We women are always reinventing ourselves, on one level or another. Maybe it’s becoming a mother, grandmother, changing careers, or as simple as a new hair style, new makeup, etc. The important thing is to keep growing. We’re so proud of our publisher, Lori Bitter, who was recently interviewed for Huffington Post.
By John Tarnoff
For the Year of the Boomer — 2014 is the year the youngest Boomers turn 50 — here is another installment in my survey of 50 Boomers across 10 career categories who have reinvented themselves within the last 10 years.
“After 50, you have to chase your own brand, and become your own kind of leader.” This is Lori Bitter’s advice to Boomers contemplating (or being forced to contemplate) a career reinvention. Bitter has excellent credentials in this department, having “failed upwards,” as she puts it, through a series of high-powered executive positions in the advertising industry, and now running her own branding and marketing consulting practice called The Business of Aging.
Bitter’s moment of truth occurred on her 50th birthday in 2009. As President of JWT Boom, a division of JWT, part of global ad agency WPP, she was in charge of developing marketing and ad strategies focused on the Boomer demographic. But management had other plans: citing their belief that the Boomer market had been terminally crippled by the Recession, they laid her off. Incredulous, she couldn’t believe that she was not being given the opportunity to continue a very successful run, and to manage through the economic crisis. She felt that she had been a “good girl, and had done everything right,” respected the company and had been loyal. Furious, she did something she says now that she never would have been able to do before: she fought back, walking out with her clients and a cadre of close associates to form a new agency, The Continuum Crew. Her strong emotions gave her the strength to stand up for herself, despite threats that JWT would invoke their non-compete clause. But she prevailed, and spent the next few years building a business that was truly hers. Looking back, she reflects “It was like, I hit 50 and I became more me.”

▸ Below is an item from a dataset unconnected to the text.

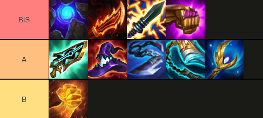 (Best in Slot, les meilleurs objets du champion) pour fonctionner.

This is one of the keys that distinguishes the reinvention process at this stage in our lives: it has to have a more authentic ring to it. Bitter echoes a feeling that I’m sure we all either feel, or aspire to feeling: life is too short at this point to make any more life or career decisions that don’t feel right. While we may survive in the short term with a job that merely pays the bills, it is a bad idea in the longer term.
At the beginning of her career, Bitter had blossomed under the guidance and mentorship of her first boss, a legendary ad exec. Later, at JWT, she had the imprimatur of a global agency behind her. In her new firm, she realized that she had to rely 100% on herself. “The scariest part was to become the thought leader and put myself out there… to learn social media, and learn PR — stepping up to a place where I never thought I would have to be.”
While the new agency was successful, Bitter began to feel like she was making compromises she didn’t want to make. She realized that the “world was sending me a big karmic message,” and that she had to decide how she wanted to spend her time, and with whom she wanted to spend it. In the end, it became clear that the new venture would need to shut down. If getting fired from JWT was unsettling, closing The Continuum Crew felt like even more of a public failure. But for Bitter, it was the right thing to do. And she gleaned an important philosophical truth from the experience: “You don’t learn unless you get bounced around.” She had learned a great deal running her own shop, and it had made her more aware of new ways of doing business in the online world. So, in her estimation, “I failed to a better place.”
After taking a break, what she calls her “90-day pity party,” Bitter re-emerged with a new focus, which became The Business of Aging. “I had finished a big piece of research for AARP on the grandparent market, and was also becoming a grandparent myself.” She realized that businesses need to know that there is not only value in the Boomer space, but that there is a valuable market that includes parents, moms, and grandparents.
Bitter feels that she has an opportunity in her practice to do a better job of serving all generations, not just older people, and that this authentic personal investment has paid off on many levels: “When you take work that is interesting and meaningful to you, the money shows up. That level of personal honesty about my career has changed all the relationships in my life.”
Reinventions can be planned, or may be forced upon us, but for Bitter, there is one key preparation element that we can’t ignore: “A lot of people, as they age, think they don’t have to keep learning. You have to read the tea leaves: we’re in a world of individualization and self- promotion. If you’re not taking care of yourself, even in a big company, as a personal brand, you’re going to get left behind.”